Perhaps, the best explanation for a cervical disc herniation causing low back and leg symptoms without producing symptoms in the upper extremities can be found in reference text Gray’s Anatomy. Gray’s Anatomy shows an axial view picture of the spinal cord showing its somatotopic organization (below, Gray’s Anatomy, 39th edition, 2005, p. 318). In oversimplification, the spinal cord appears like a bull’s eye target.
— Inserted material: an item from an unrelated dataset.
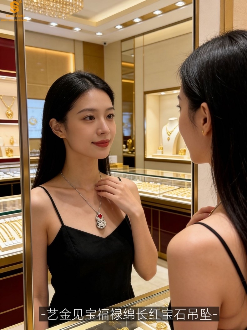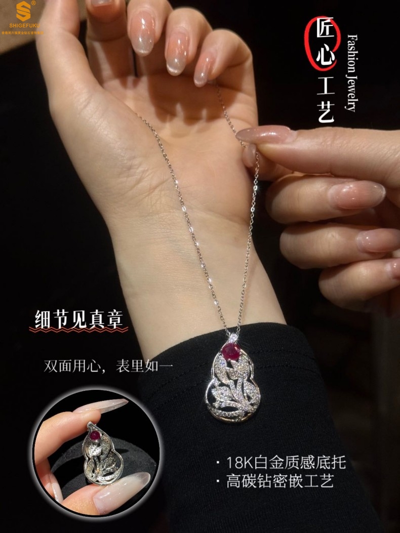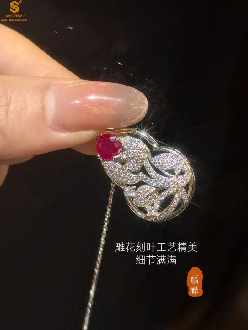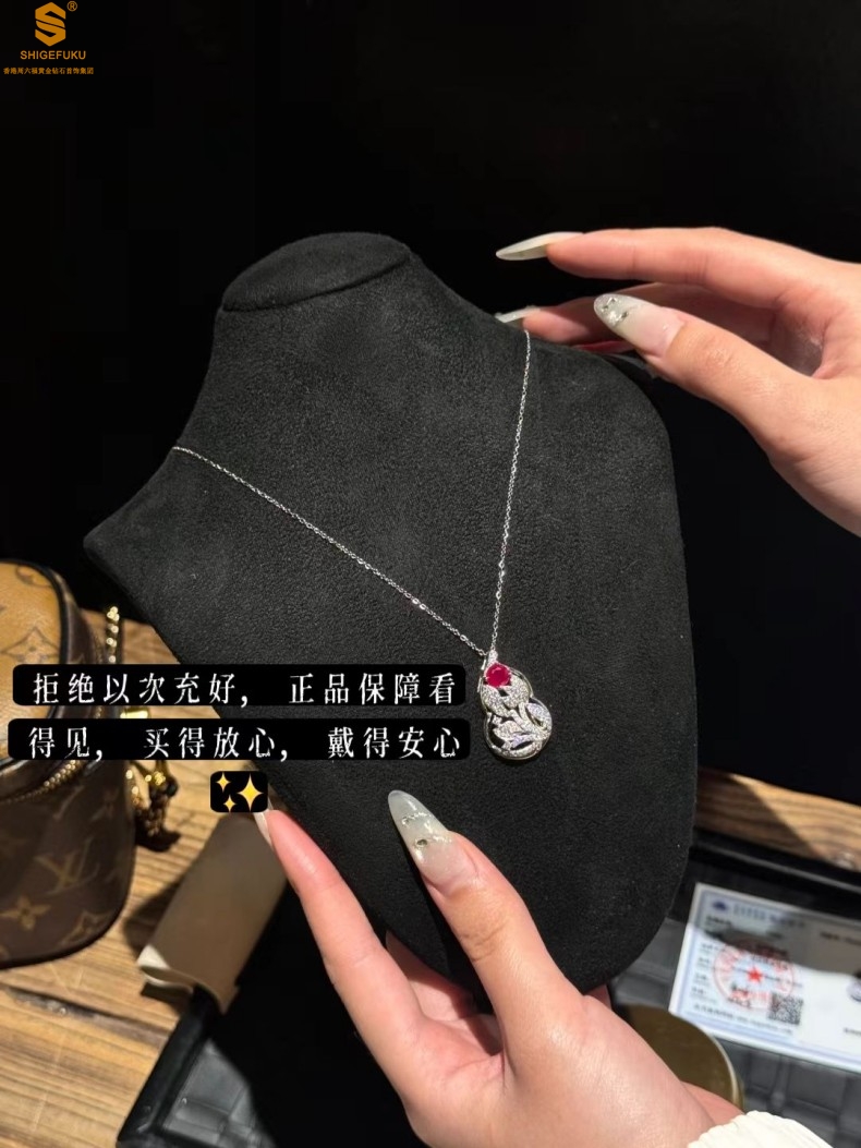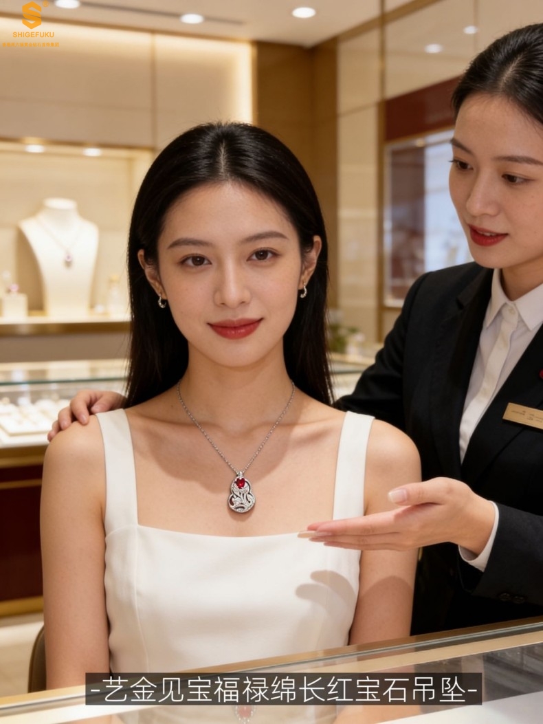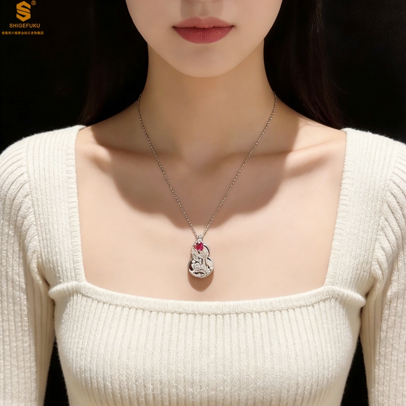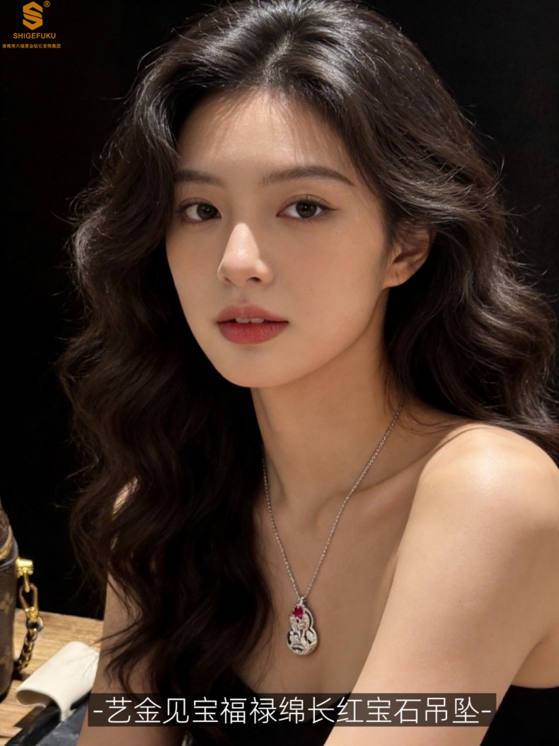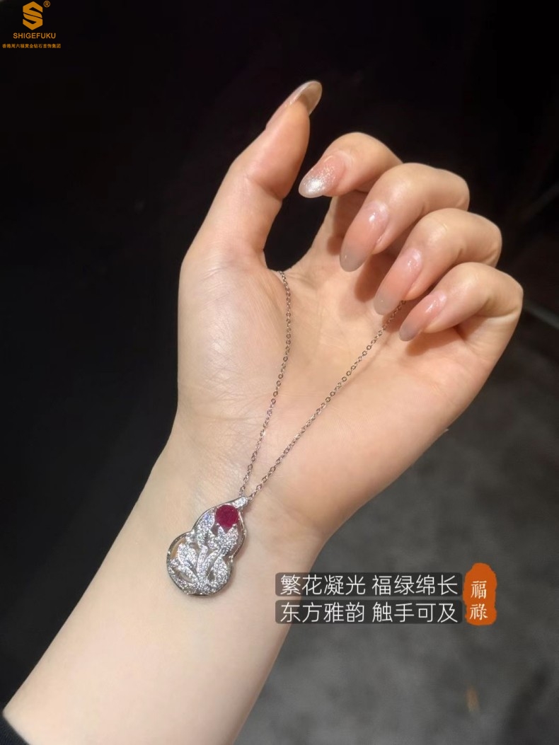 【品名】艺金见宝福禄绵长红宝石吊坠(附赠K铂金项链)

The outer rings of the target (spinal cord) are the motor and sensory innervation to the perineum, legs and low back; while inner rings of the target (spinal cord) are the motor and sensory innervation to the upper extremities.

Central canal spinal stenosis of the cervical spine (subsequent to disc herniation, spondylosis, etc.) is essentially an irritation to the spinal cord from the outside towards the center. Consequently, central canal spinal stenosis primarily adversely affects the outer rings of the target (spinal cord), thereby affecting the nerve fibers that innervate the perineum, legs and low back. This would adequately explain the presence of more low back and leg symptoms that upper extremity symptoms.
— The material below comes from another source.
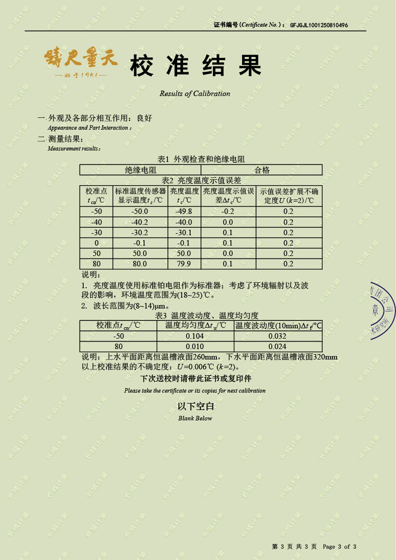 低溫浴式黑體輻射源(-55-80℃)校準(zhǔn)證書(shū) 2025-9-3 本文被閱讀 3226 次
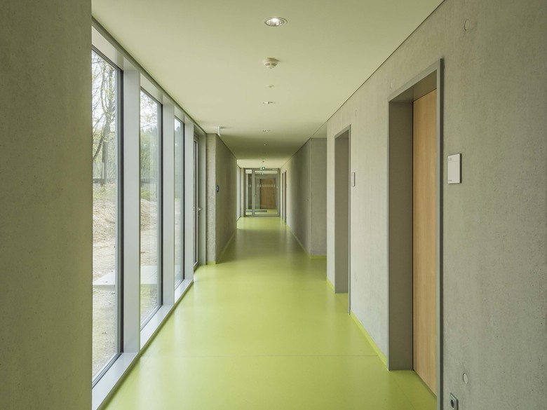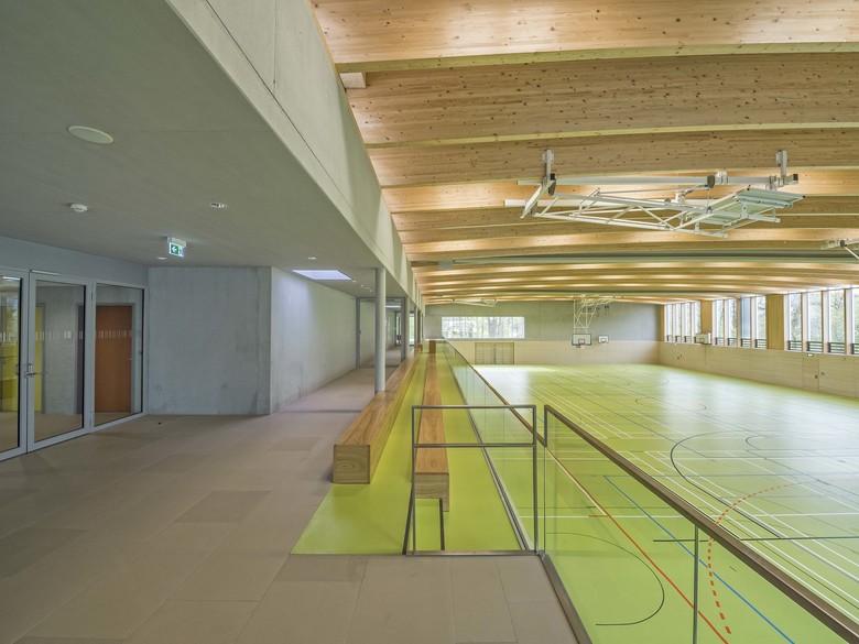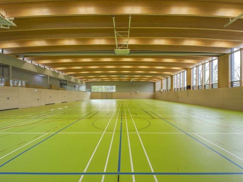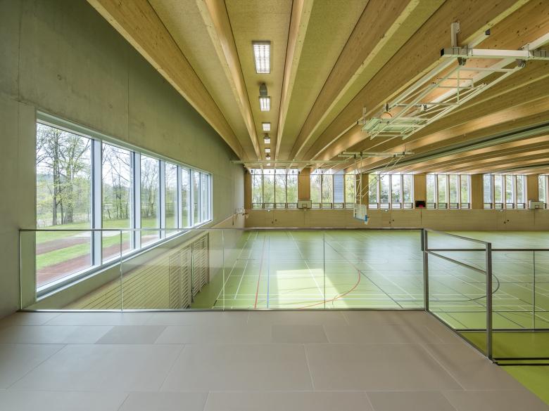 Die neue Dreifeldsporthalle am Gymnasium in Eggenfelden wird, nach Abbruch der bestehenden Mädchensporthalle wieder an das Gymnasium im Nordosten angebaut. Der Halleneingang liegt, im Bereich des bestehenden Vordaches, sodass die Sporthalle witterungsgeschützt erreicht werden kann. Das Gelände hat eine leichte Hanglage. Daher kann der Höhenunterschied zwischen dem oben gelegenem Zugang vom Pausenhof und dem tiefer gelegenen Freisportflächen ausgenutzt werden. Das Hallenniveau liegt nahezu ebenengleich mit dem westlich gelegenem Kleinspielfeld. Den Bereich der Halle prägt ein Hallentragwerk aus dichtgereihten schlanken Holzbindern. Die Sporthalle befindet sich derzeit im Bau...

Consistent with these studies and anatomical descriptions, in 1996, physician Shinichi Kikuchi and colleagues published an article in the journal Spine, titled:

Spinal Intermittent Claudication Due to Cervical and Thoracic Degenerative Spine Disease

Dr. Kikuchi and colleagues are from the Department of Orthopedic Surgery, Fukushima Medical Center in Fukushima, Japan, and the Department of Orthopedic Surgery, Japan Red Cross Medical Center in Tokyo,Japan. In their study pertaining to cervical and/or thoracic central canal stenosis subsequent to spondylosis and resulting in spinal cord compression, the primary documented impairment was “walking intolerance.”

Most recently, and once again consistent with these studies and anatomical descriptions, in January 2009, physician Yasutsugu Yukawa and colleagues published in the journal Spine titled:

“Ten Second Step Test” as a New Quantifiable Parameter of Cervical Myelopathy

Dr. Yukawa and colleagues are from the Department of Orthopedic Surgery, Chubu Rosai Hospital in Nagoya, Japan. In their article they designed a clinical and cohort study to test the clinical effectiveness of a quantifiable measure of severity in cervical compressive myelopathy, which they termed the “Ten-Second Step Test.” Their study included 163 preoperative patients with cervical compressive myelopathy and 1,200 healthy volunteers. The study population included 99 men and 64 women with a mean age of 63.3 years (range, 33-92). Importantly, these authors are assessing the severity, prognosis and clinical outcomes of patients suffering from cervical compressive myelopathy by counting the number of lower extremity steps they could perform in a ten-second period of time. These authors write:

“Cervical compressive myelopathy is one of the most common neurologic disorders increasing in the geriatric population. It is caused by cervical spondylosis, disc herniation, and ossification of the longitudinal ligament. Symptoms include sensory disturbances of the extremities, clumsiness of hands, gait disturbance, and urinary dysfunction.”

“Patients with myelopathy experience difficulty in taking a step while walking, due to disorders of position sense and locomotor disability in the lower extremities, which reflect long tract pathology.”

“Hence, it was assumed that the step test could be used as a scale to quantify the severity of cervical compressive myelopathy.”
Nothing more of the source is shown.